Create an AdaBoostRegressor with a base model as a decisiontreeregressor

In [None]:
base_model = DecisionTreeRegressor(max_depth=1000)

In [None]:
adaboost_regressor = AdaBoostRegressor(base_model, n_estimators=1000, random_state=42)

adaboost_regressor.fit(Xtrain, Ytrain)

In [None]:
ada_predict = adaboost_regressor.predict(Xtest)
mae = mean_absolute_error(Ytest, ada_predict)
mae

0.4333597255212457

**Train, test, and measure accuracy of Gradient Boosting model with training split of dataset and testing split of dataset**

Create  and train a GradientBoosting model (gb_model)
Use the test data-set ( Xtest ) to make predictions and then check the accuracy using mean absolute error

In [None]:
# Instantiate GradientBoosting model
gb_model = GradientBoostingRegressor(n_estimators=50, random_state=42)

In [None]:
# Train the GradientBoosting model
gb_model.fit(Xtrain, Ytrain)

In [None]:
# use GradientBoosting model for prediction
gb_prediction = gb_model.predict(Xtest)

In [None]:
gb_mean_abs_err = mean_absolute_error(Ytest, gb_prediction)
gb_mean_abs_err

1.236073643187885

**Train, test, and measure accuracy of XGboost model with training split of dataset and testing split of daaset**

Create  and train a XGboost model (xg_model).
Use the test data-set ( Xtest ) to make predictions and then check the accuracy using mean absolute error.

In [None]:
# Create model that looks to minimize mean squared error as much as possible
xg_model = xgb.XGBRegressor(objective="reg:squarederror", n_estimators=50)

In [None]:
# train model
xg_model.fit(Xtrain, Ytrain)

In [None]:
# predict with model
xg_prediction = xg_model.predict(Xtest)

In [None]:
xg_mean_abs_err = mean_absolute_error(Ytest, xg_prediction)
xg_mean_abs_err

0.7776270242440855

**Train, test and measure accuracy of VotingRegressor ensemble using all previously used models**

VotingRegressor is used as an ensemble model and the voting method is soft because it gives better results.
RandomForest is given a weight of 0.8 because it consistently performs better than the others. The Gradient Boosting ('gradientboosing') and XGBoost ('xgb') models are given lower weights of 0.1 each, suggesting that their contributions are considered less significant relative to the Random Forest. These weights were assigned based on empirical experimentation and observing how different weight combinations impact the overall ensemble performance.

In [None]:
# Create model instance
soft_ensemble = VotingRegressor(estimators=[
    ('randomforest', rf_model),
    ('gradientboosing', gb_model),
    ('xgb', xg_model)
], weights=[0.8, 0.1, 0.1])

In [None]:
soft_ensemble.fit(Xtrain, Ytrain)

In [None]:
ensemble_prediction = soft_ensemble.predict(Xtest)
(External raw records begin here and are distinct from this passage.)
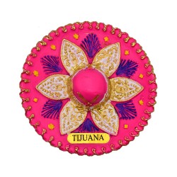 Magneto de resina pintado a mano en forma de un sombrero charro, típico del México. El souvenir ideal para pegar en su refrigerador y recordar sus vacaciones a Tijuana.
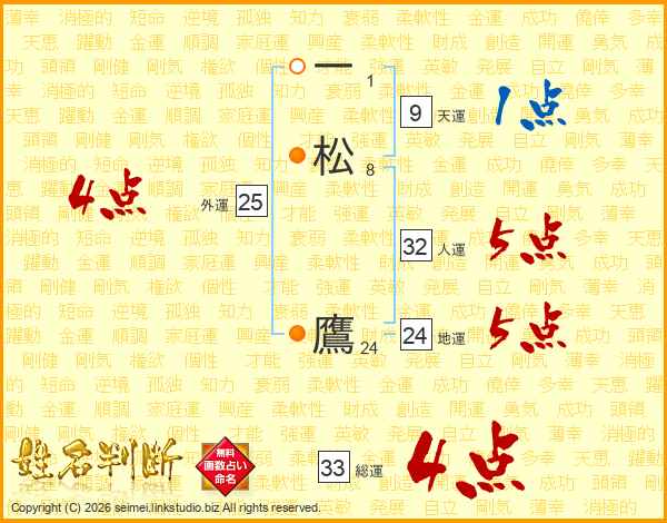一松鷹さんの人運は32画の5点!
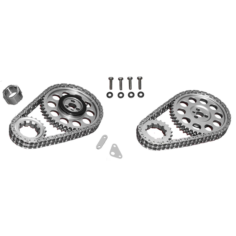 Gold sets are nitride hardened and include a one-piece Torrington bearing with an Iwis chain. Timing chain sets have 9 keyways unless otherwise stated. Smaller bores tend to be best suited to 7 crank keyways, although engines like Small Block Chevrolets etc. come with 9 keyways which allows more adjustment for dialling in the cam. Crankshaft sprocket keyways are in 2-degree increments unless otherwise noted. The relationship from crank keyway to camshaft sprocket timing is 2:1 meaning that the amount of advance or retard at the camshaft is in one-degree increments, IE 1, 2, 3 or 4 degrees. Multiple keyways are a solid fixture and do not tend to move or work loose like offset dowels, thus providing a positive locking of the cam timing to what ever position is desired.
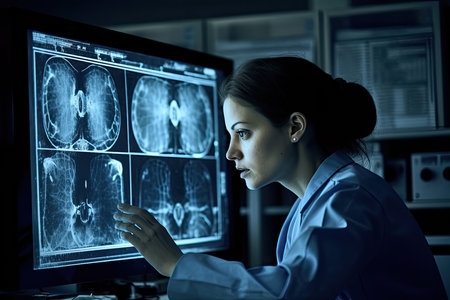 a woman looking at an x - ray image on a computer screen in front of her, she is wearing a white lab coat
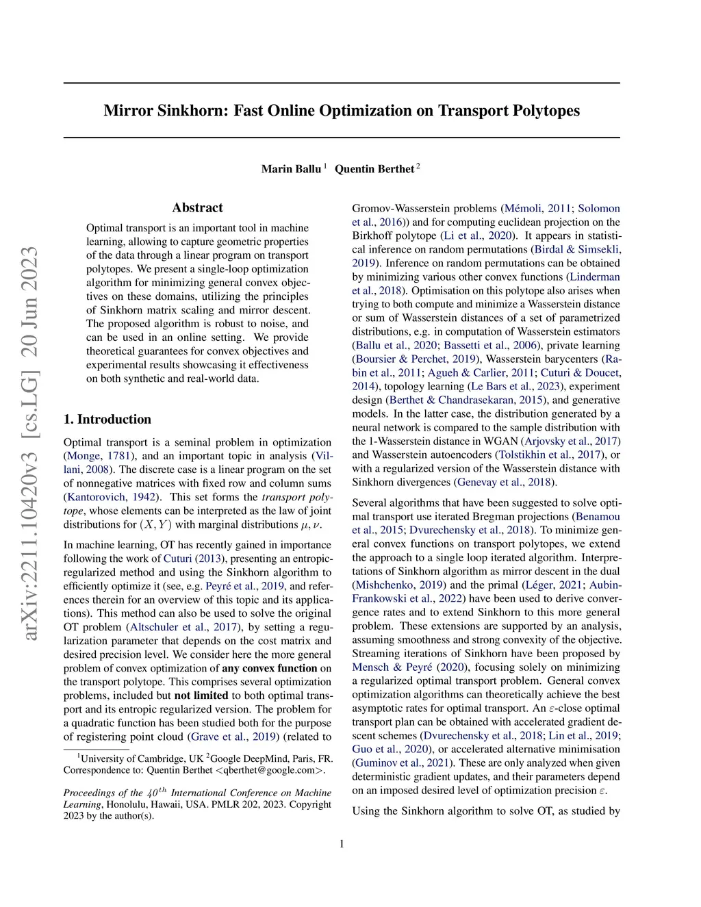 Optimal transport is an important tool in machine learning, allowing to capture geometric properties of the data through a linear program on transport polytopes. We present a single-loop optimization algorithm for minimizing general convex objectives on these domains, utilizing the principles of Sinkhorn matrix scaling and mirror descent. The proposed algorithm is robust to noise, and can be used in an online setting. We provide theoretical guarantees for convex objectives and experimental results showcasing it effectiveness on both synthetic and real-world data.
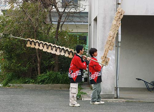 子供の頃、下駄を投げて下駄が表を向いたら「晴れ」、裏返しになったら「雨」などと遊んだ事はないだろうか.坂井では山車の上から一斉に下駄を投げて今年の豊作を占う. |
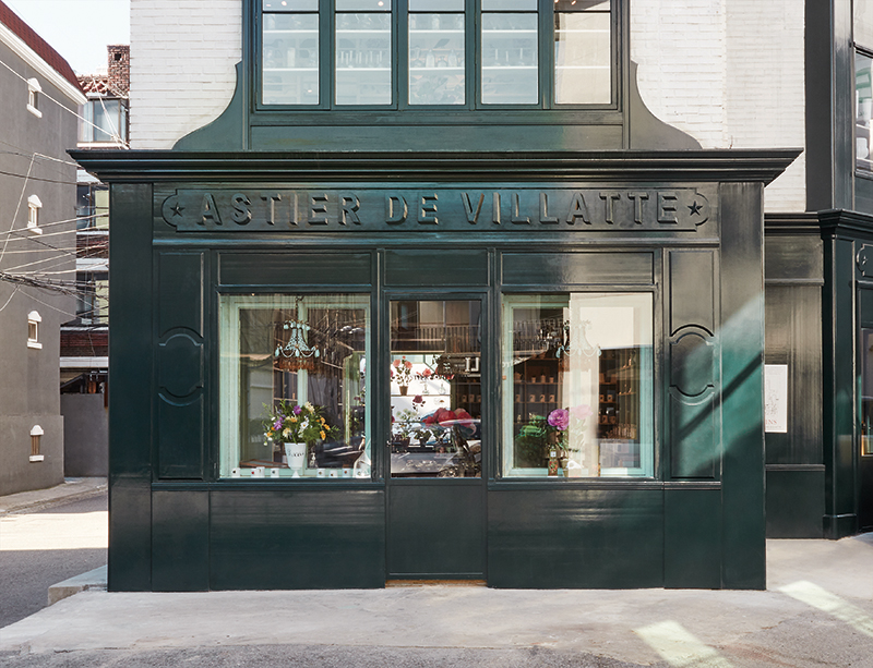 파리에 있는 매장 외에는 한국이 첫 번째로 오픈한 플래그십 스토어라고 하는데요. 작년 9월에 한남동에 문을 연뒤 최근에는 현대백화점 압구정점에도 입점이 되었어요. 아스티에 드 빌라트의 제품들은 온라인을 통해서 수요가 꾸준히 있어 왔지만, 플래그십 스토어를 런칭하면서는 이곳에서 판매하는 제품뿐만 아니라 건물 외관의 인테리어로도 큰 주목을 받았습니다. 파리의 매장을 한남동에 그대로 옮겨놓은 것 같다는 내외부의 평가가 있기도 했어요. 한남동 상가건물이 파리 시내에 있을법한 인테리어로 탈바꿈 한 것이죠.

Check accuracy of the VotingRegressor model using mean absolute error

In [None]:
ensemble_mean_abs_err = mean_absolute_error(Ytest, ensemble_prediction)
ensemble_mean_abs_err

0.6416101353103437

**Compare the different absolute error values of the different models used and select the model to go with**

In [None]:
print("RandomForest Model: ", mean_abs_err_results)
print("RandomForest Model: ", mae)
print("GradientBoosting Model: ", gb_mean_abs_err)
print("XGBBoost Model: ", xg_mean_abs_err)
print("SoftEnsemble Model: ", ensemble_mean_abs_err)

RandomForest Model:  0.6114444444444443
RandomForest Model:  0.4333597255212457
GradientBoosting Model:  1.236073643187885
XGBBoost Model:  0.7776270242440855
SoftEnsemble Model:  0.6416101353103437


**From observation, the AdaBoostRegressor Model is the more accurate one so it's the preference to fine tune**

Fine tune the AdaBoostRegressor model using the GridSearchCV to find the weights needed to give the highest level of accuracy (best score).
The parameter grid for the GridSearchCv, specifies that the 'n_estimators' parameter is being tuned along with the max_depth, and learning_rate. The negative mean absolute error is used because GridSearchCv seeks to maximize the scoring metric, and we want to minimize mean absolute error.

## Fine Tuning and hyperparameterisation

In [None]:
# Fine tune hyperparameters of model
n_estimators = [int(x) for x in np.linspace(start = 100, stop = 2000, num = 10)]
max_depth = [10, 20, 30, 40, 50, 60, 70, 80, 90, 100]
min_samples_split = [2, 5, 10, 15, 20]
param_grid = {'n_estimators':n_estimators, 'max_depth':max_depth, 'min_samples_split':min_samples_split}

In [None]:
cv=KFold(n_splits=3)
# random_search = RandomizedSearchCV(estimator=rf_model,
#                                    param_distributions=param_grid,
#                                    n_iter=10, random_state=7, cv=cv,
#                                    scoring= 'neg_mean_absolute_error')

In [None]:
random_search = GridSearchCV(rf_model,param_grid=param_grid,cv=cv,scoring="neg_mean_absolute_error")

In [None]:
cv=KFold(n_splits=3)
n_estimators = [1000, 2000, 4000]
learning_rate = [0.1, 0.2, 0.3]
param_grid = {'n_estimators':n_estimators,'learning_rate':learning_rate}

In [None]:
random_search = GridSearchCV(adaboost_regressor,param_grid=param_grid,cv=cv,scoring="neg_mean_absolute_error", n_jobs=3)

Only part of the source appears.